Boston still has Philly's number (7)
The Celtics end the 76ers' season with even less mercy than usual.
The Boston Celtics were not invented for the purpose of spreading the plague to basketball teams from Philadelphia. But the 76ers, now that they’re back home and packing their gear, would be advised to shelter in place.
Masks would also be good, although they wouldn’t really protect the identity of the bearded James Harden or the towering Joel Embiid. Neither they nor the rest of the Sixers need to be identified for a while.
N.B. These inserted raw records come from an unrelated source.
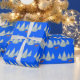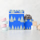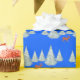 Festiv Brun Hjort under Snöiga Granar Blå Presentpapper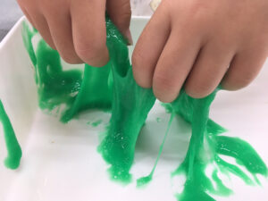 普段から迷路などの遊び絵本が好きなお子さんは図書館にある検索システムをスタッフと使って図書を探し、恐竜が好きなお子さんは恐竜がある棚を探して本を借りることができました。
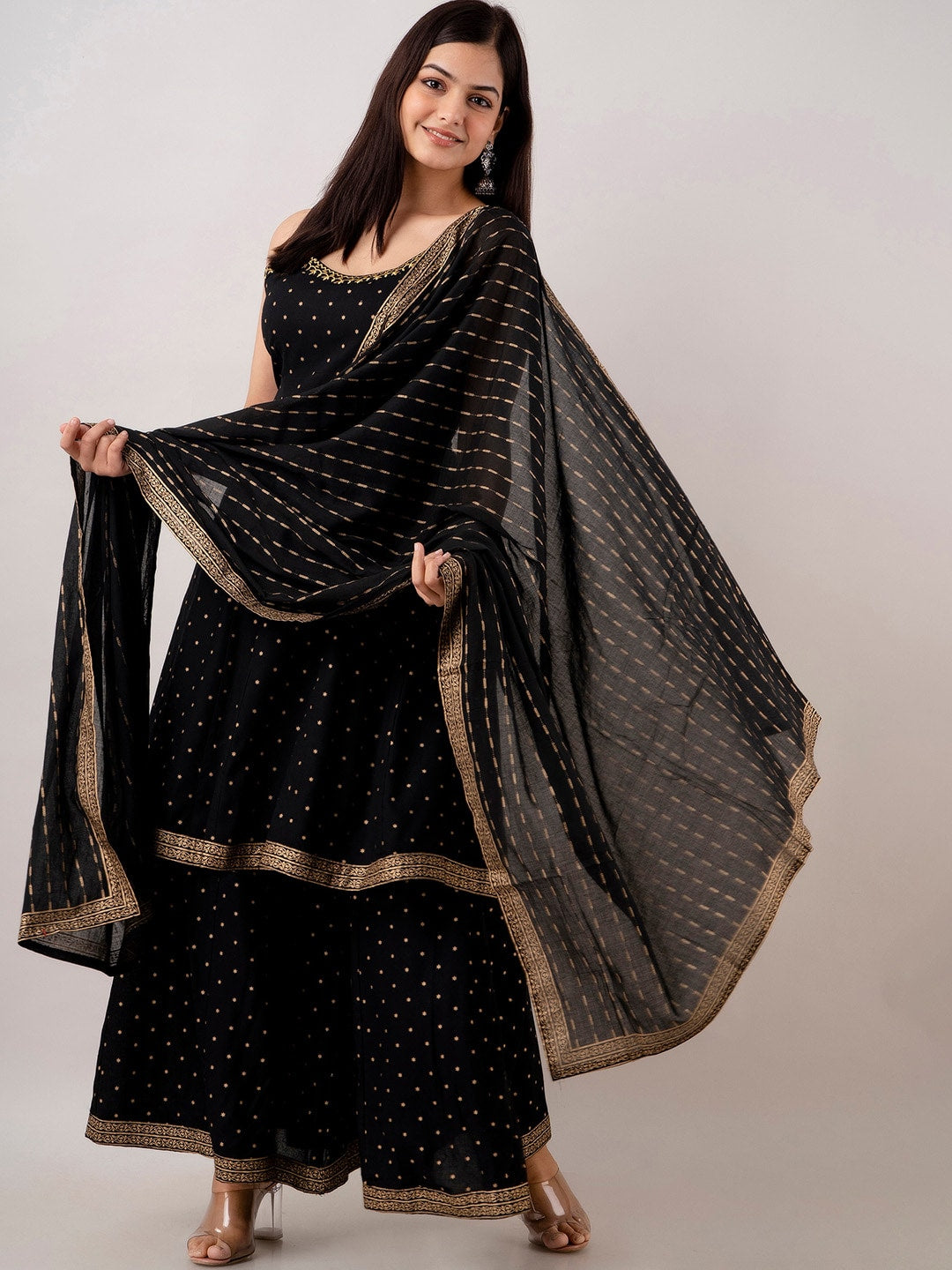 Kalini Women Embroidered Kurta With Sharara & Dupatta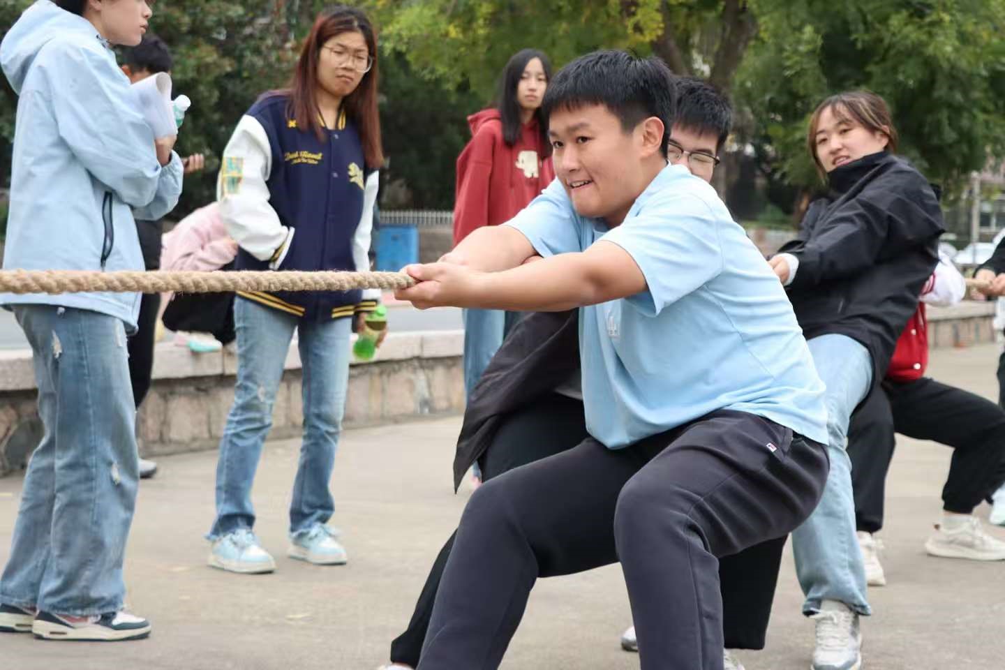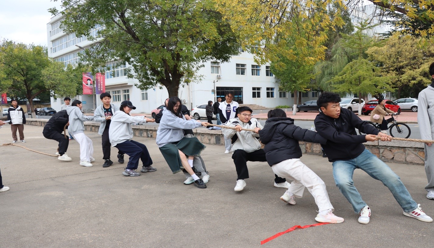 为响应“爱体育,兴科大”校园体育文化号召,丰富校园文化生活,展现班集体卓越风采,增强班级凝聚力,化学院于2025年10月19日在小五四广场组织2025级学生开展了一场热血沸腾的拔河比赛。本次比赛以班级为单位进行角逐,14支队伍踊跃参赛,每支队伍由5名男生和4名女生组成,通过抽签分组确定比赛顺序。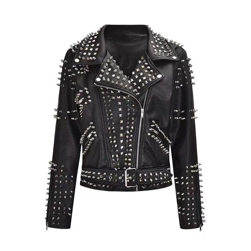 Econex Sports 2025 Women's Leather Jacket Slim Short Streetwear Gothic Embroidery PU Leather Locomotive Coat for Girls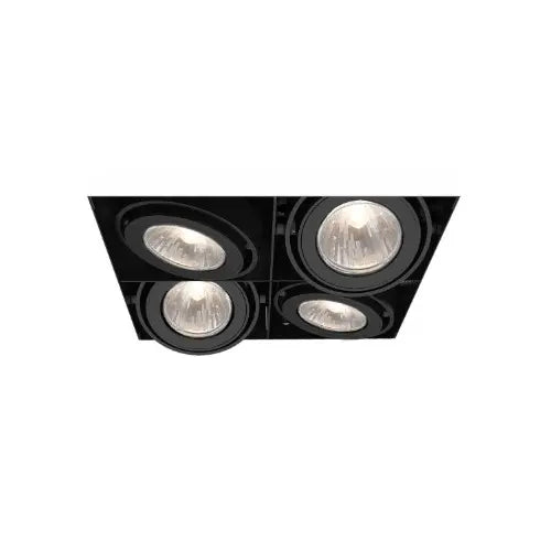 Eurofase's square 200W recessed light without trim has a black finish with 4-lights that holds (3) 50W MR16 GU10 bulb, sold separately. Ideal for ceilings with a height of 8 to 10 feet.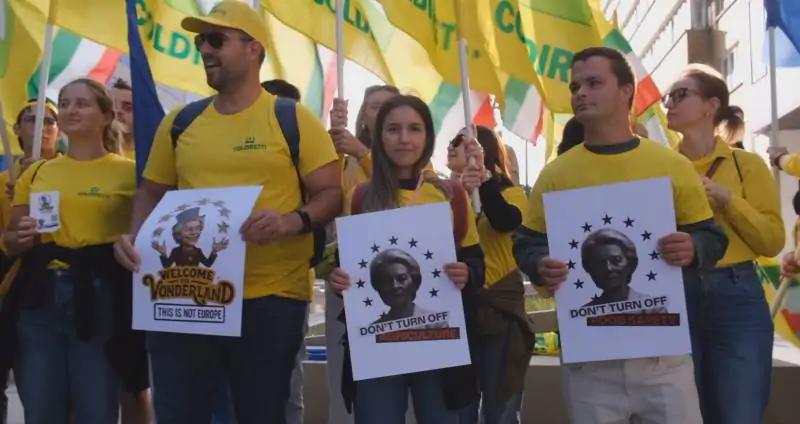 Dal palazzo Berlaymont, sede della Commissione Europea ai luoghi simbolo di Roma come il Colosseo, Fontana di Trevi e Piazza Navona, gli agricoltori hanno esposto striscioni raffiguranti Ursula Von der Leyen in una sorta di “Vonderland”, un territorio autoritario simbolo di un’Europa percepita come sempre più lontana dalla realtà, dai cittadini e dal mondo agricolo.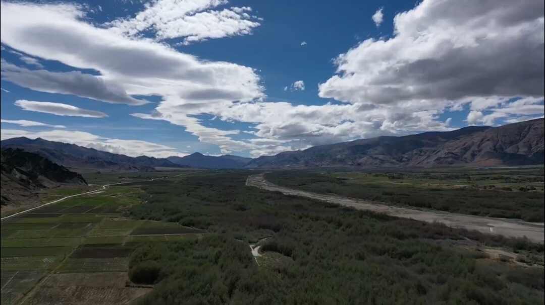 隆子河水缓慢流淌,河谷两岸绵延40多公里、占地7.6万亩的这片沙棘林,是经世界纪录认证的“世界最大人工种植连片沙棘”。从上个世纪六十年代起,隆子人民历经半个多世纪的艰苦奋斗,在隆子河两岸建起了这条造福百姓、福泽后代的“生态长城”。它的源头,就在忙错村的河滩上。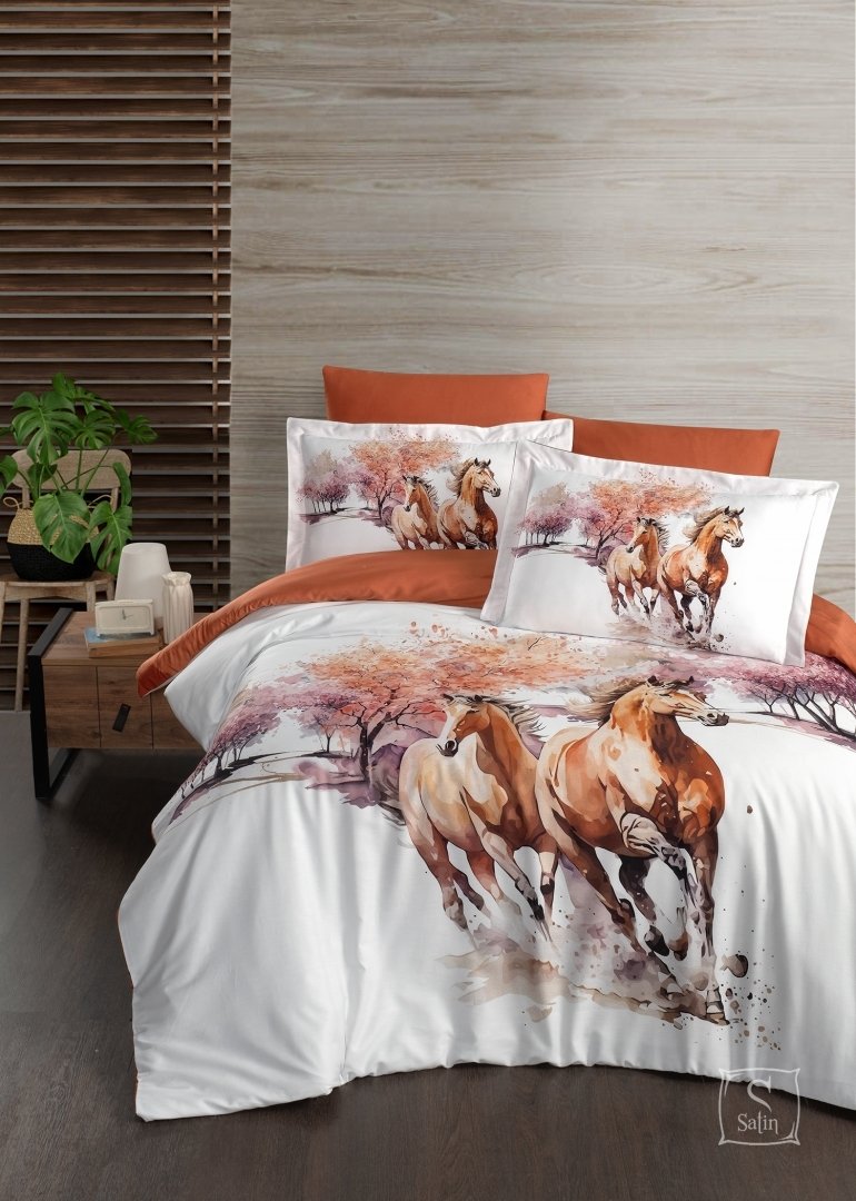 • Комплект Vip Satin 3D Silvan, воплощение элегантности и стиля. Современная технология 3D фотопечати создает реалистичный и живописный принт лошади, который покорит сердца ценителей качественного белья.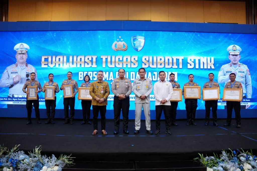 Pada hari pertama kegiatan, Rabu (12/11), Ditlantas Polda Sumbar menerima penghargaan nasional di bidang Peningkatan Keterisian Data Regident, Digitalisasi Pembayaran Samsat, dan Sosialisasi Keselamatan Lalu Lintas.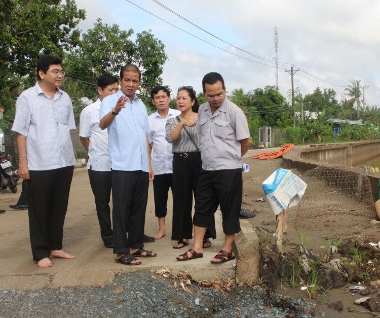 Ông Nguyễn Thanh Dũng, Phó Chủ tịch UBND TP Cần Thơ (hàng đầu, bìa trái), kiểm tra và chỉ đạo đẩy nhanh tiến độ thực hiện công trình kè chống sạt lở, xâm nhập mặn, ứng phó BĐKH khu vực rạch Cái Sơn.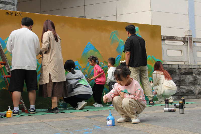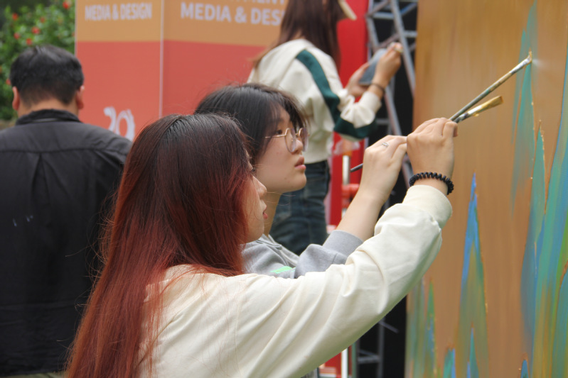 本次绘画活动,由校友周正宇和传媒与设计系的在校学生合作绘制。他们在长达4米的巨大画卷上,共耗时三天,绘制出这副独属于六合彩开奖结果 的千里江山图。在共同创作期间,吸引不少前来参观的校友和小朋友来,这幅来自传媒与设计系的千里江山图不仅是校友周正宇对母校的美好祝愿,也是传媒与设计系送给六合彩开奖结果 成立二十周年的礼物。同时,在千里江山图的旁边还设有风车打卡墙,供校友们打卡并留下自己对母校的美好祝愿。风车打卡墙的存在更是加深了传媒与设计系的艺术气氛,让人印象深刻。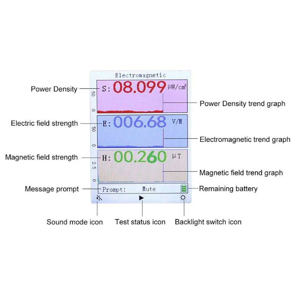 ☞Большой экран облегчает Считывание данных, и кнопки просты в эксплуатации. ☞Корпус изготовлен из высококачественного АБС-пластика, который обладает высокой термостойкостью и холодным сопротивлением, высокой прочностью и тонкой прочностью. ☞Он может удовлетворить потребности в домашнем обнаружении жизни, обнаружении подстанций, обнаружении башни мобильного сигнала и т. д., и его легко и удобно носить с собой. ☞С режимом отключения звука и будильника, тестовым и пауза режимом, и подсветка может быть включена или выключена. ☞Высокая чувствительность, широкий диапазон измерений, долговечные преимущества. Ежедневное использование помогает избежать радиационных опасностей. Характеристики: Материал: АБС-пластик Цвет: синий Модель: BR-9A Экран Размер: 57*43 мм/2,2 * 1.7in Диапазон испытаний: Мощность Плотность: 0-99.999μw/c㎡ Интенсивность электрического поля: 0-999,99 в/м Интенсивность магнитного поля: 0-99.999μT Точность теста: Мощность Плотность: 0,001 мкВт/c㎡ Напряженность электрического поля: 0,01/м Интенсивность магнитного поля: 0.001μT Частотный диапазон: Плотность мощности: 50 МГц-5 ГГц Интенсивность электрического поля: 20 Гц-100 МГц Интенсивность магнитного поля: 20 Гц-1 МГц Батарея: 3 * AA (не включены) 1,5 V Батарея или 3*1,2 V аккумуляторная Батарея (не входит в комплект) Зарядка: USB 5V 2A вход Время зарядки: ≥ 4 часа Размер изделия: 105*70*30 мм/4,1*2,8 * 1.2in Вес товара: 100 г/3,5 унции Размер посылка: 150*100*55 мм/5,9*3,9 * 2.2in Посылка Вес: 165 г/5,8 унции Посылка: 1 * Детектор электромагнитного излучения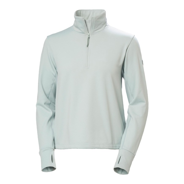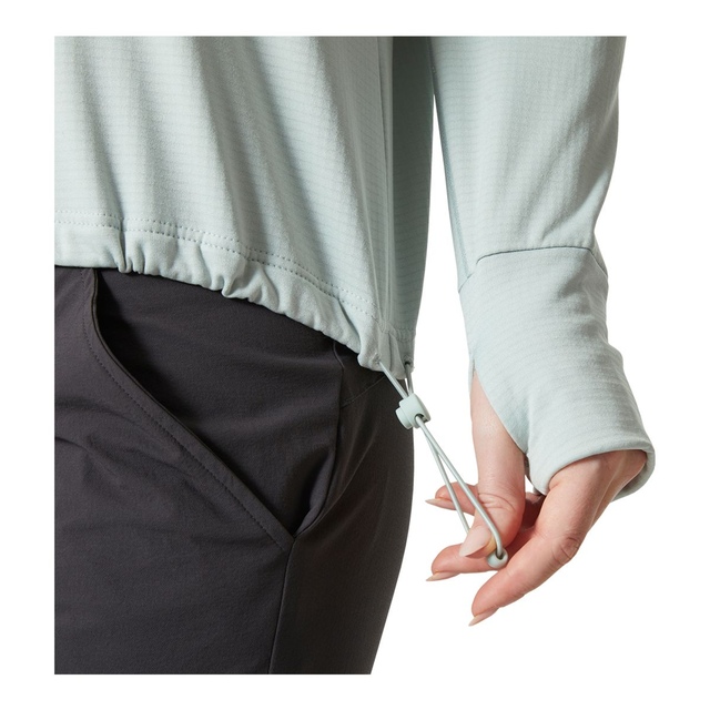 The Helly Hansen Women's Versalite Cinched Pullover Top is crafted using fleece fabric. It features an adjustable waistline for a custom fit. The soft fabric collar, high neck, and thumb holes offer warmth and coverage. The half zip design allows easy on and off, and the drawcord at the hem lets you cinch the waist for a personalized fit. This women's top is sustainably crafted, with bluesign® certification and recycled materials, making it an eco-friendly choice for your activewear collection.

The third quarter of Game 7 of the Eastern Conference semifinals went viral, in the way it spread through white-jerseyed bodies. The Sixers were outscored 31-10, forced no turnovers, and scored seven fewer points than Jayson Tatum, who, with the rest of the Celtics, came out in no-nonsense, Russell-era uniforms with a simple “Boston” across the green jersey front.
The Sixers missed 18 of 21 shots in that period and watched Tatum drain four of five 3-pointers. That was the on-ramp to Boston’s 112-88 victory, the 10th Game 7 loss on the resume of 76ers’ coach Doc Rivers, who might be packing up his own office by the time you read this.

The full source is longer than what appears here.